# [Wet Thumb Forum]-I need help.....



## jread (Feb 28, 2004)

I recently purchased a Sony Cyber-shot DSC-P10 and am having a very hard time using it. It is my first digital camera and I have no idea what I'm doing.

I mainly got it for taking pictures of my aquariums and various fish for a website I run. I've been trying to get some good photos but none of them come out well. I can't seem to get the focus, lighting or shutter-speed right on ANY of them. There are only two that have come out decently so far and they were purely by accident.

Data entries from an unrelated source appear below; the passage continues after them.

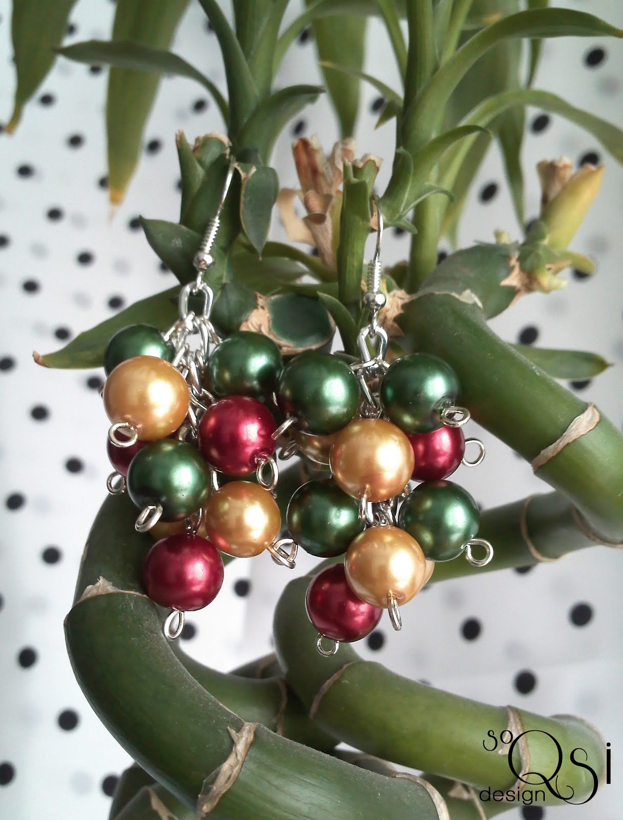 Połączenie perełek i koralików crackle a dla przełamania czerwieni małe czarne kwadraciki. Kolczyki są lekkie i eleganckie, będą pasowały do szkoły, pracy i na randkę - wystarczy podkreślić usta czerwienią i noc jest Twoja :-) Bardzo fajnie będą się prezentować u osób mających krótkie włosy.
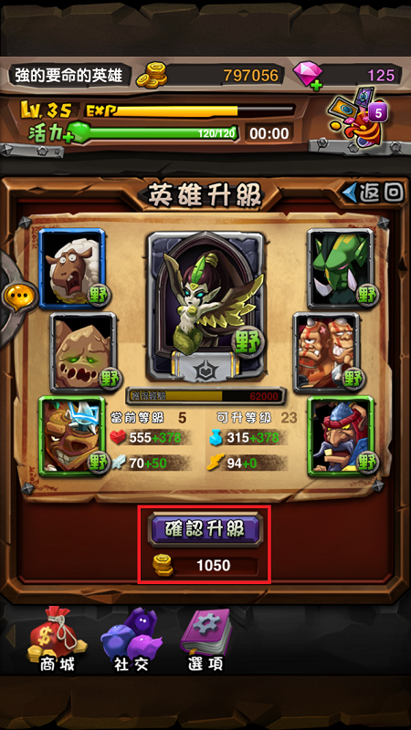 升級英雄能讓你的英雄變更強。升級英雄的流程:
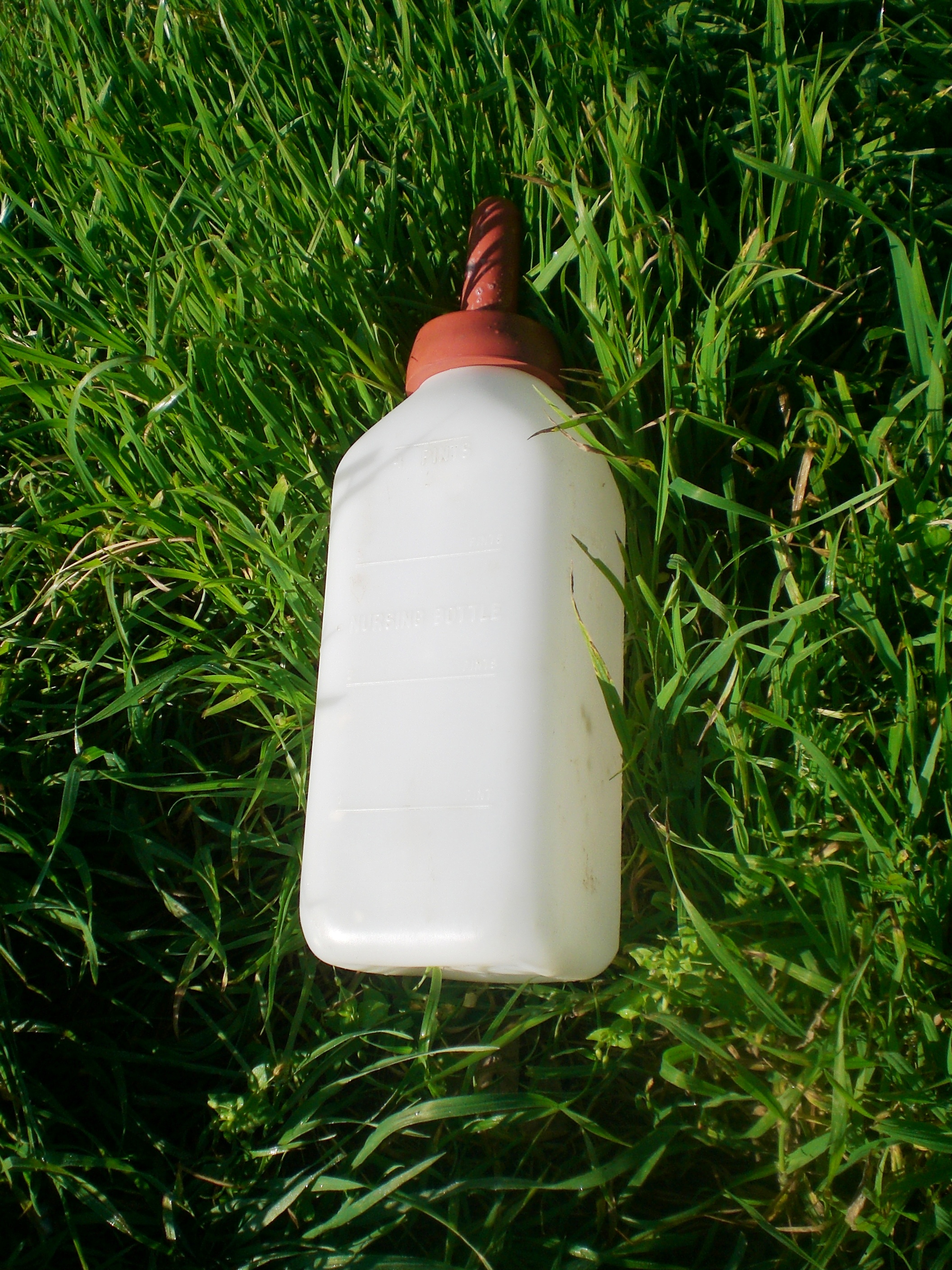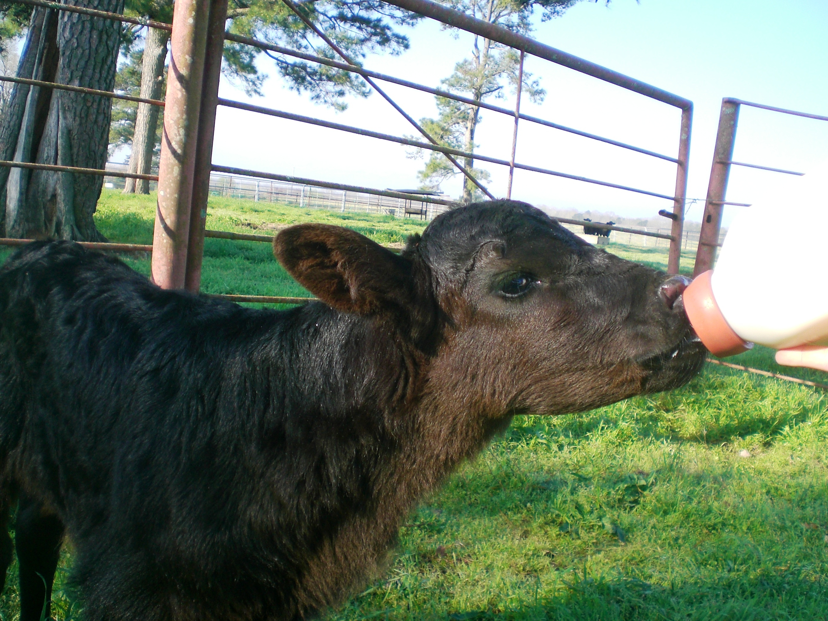 Some might ask What do you feed a baby calf? If the mother cow is still around, she would be milked and the calf fed from a bottle, but then we would not have an orphan calf. It is easiest to have a nurse cow, usually an older dairy cow still giving plenty of milk to raise two, sometimes three, calves at once. When there is no nurse cow around we have milk replacer. Kinda like formula for a child, only in bigger quantities and formulated for a calf’s needs. Ya’ll should check with Jim Fisher (Twitter, Web, Blog), he has a whole ton of info on caring for baby calves.

There is a "sports mode" for using a fast shutter speed to photograph fast-moving objects, so I've been trying to do this to keep from having blurry fish. However, when I'm in this mode, the screen is so dark that I can't see anything! Why does it do that? It's extremely frustrating. I also don't know if I want macro on or off, or if I want continuous focus on, or if I want Center autofocus or Multi autofocus, or if I want spot metering or multi metering, or if I should mess with the EV settings........

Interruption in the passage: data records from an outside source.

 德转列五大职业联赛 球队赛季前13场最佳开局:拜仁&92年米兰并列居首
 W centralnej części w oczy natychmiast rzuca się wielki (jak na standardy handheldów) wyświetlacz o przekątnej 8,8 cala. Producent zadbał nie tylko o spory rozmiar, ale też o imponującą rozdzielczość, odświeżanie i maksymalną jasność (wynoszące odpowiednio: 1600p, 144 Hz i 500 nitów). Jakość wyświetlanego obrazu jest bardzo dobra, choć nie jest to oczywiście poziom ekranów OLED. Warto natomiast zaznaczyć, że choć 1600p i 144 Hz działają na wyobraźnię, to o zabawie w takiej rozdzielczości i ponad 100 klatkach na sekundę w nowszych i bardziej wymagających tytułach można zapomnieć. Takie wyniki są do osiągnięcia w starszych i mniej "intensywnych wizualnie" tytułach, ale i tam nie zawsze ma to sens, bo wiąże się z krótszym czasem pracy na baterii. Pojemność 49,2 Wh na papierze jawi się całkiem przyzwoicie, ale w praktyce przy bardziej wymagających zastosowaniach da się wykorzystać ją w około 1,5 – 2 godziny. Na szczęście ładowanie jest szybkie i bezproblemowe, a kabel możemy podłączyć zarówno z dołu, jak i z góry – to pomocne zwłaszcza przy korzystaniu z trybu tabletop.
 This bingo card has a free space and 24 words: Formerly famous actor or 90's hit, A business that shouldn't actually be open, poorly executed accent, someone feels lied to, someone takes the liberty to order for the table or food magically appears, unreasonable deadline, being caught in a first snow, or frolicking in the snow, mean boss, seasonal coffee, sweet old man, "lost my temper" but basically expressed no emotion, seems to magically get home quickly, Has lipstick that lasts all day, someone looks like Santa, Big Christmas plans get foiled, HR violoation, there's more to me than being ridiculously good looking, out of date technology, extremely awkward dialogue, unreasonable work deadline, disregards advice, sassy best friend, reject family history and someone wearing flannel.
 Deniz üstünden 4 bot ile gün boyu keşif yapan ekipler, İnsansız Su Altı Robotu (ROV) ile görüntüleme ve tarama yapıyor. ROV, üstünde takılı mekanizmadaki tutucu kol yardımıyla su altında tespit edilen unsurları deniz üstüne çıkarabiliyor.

Can someone please point me in the right direction?


----------



## Guest (Apr 4, 2004)

> quote:
> 
> Originally posted by jread:
> There is a "sports mode" for using a fast shutter speed to photograph fast-moving objects, so I've been trying to do this to keep from having blurry fish. However, when I'm in this mode, the screen is so dark that I can't see anything! Why does it do that? It's extremely frustrating.


Your shutter speed could be high and small aperture low causing not sufficient amount of for the camera. Increase light over the tank, lower shutter speed, make your aperture higher. Again, refer to above links for more detail information.



> quote:
> 
> I also don't know if I want macro on or off


Depends what you are doing. If you are taking pictures of plants, macro will give you nice close up pictures. Taking pictures of fish with macro settings is doable but for more "experienced".



> quote:
> 
> or if I want continuous focus on, or if I want Center autofocus or Multi autofocus, or if I want spot metering or multi metering, or if I should mess with the EV settings


I prefer manual focus. Again, please refer to above links.

Please read througout links on this page. There is a lot of basic tips on how to take good pictures with any camera.

http://aquabotanicwetthumb.infopop.cc/groupee/forums?a=tpc&s=4006090712&f=6876084703&m=5836097023


----------



## hobbydud (Apr 17, 2004)

Why manual focus?

What could go wrong with automatic focus?

Allen.


----------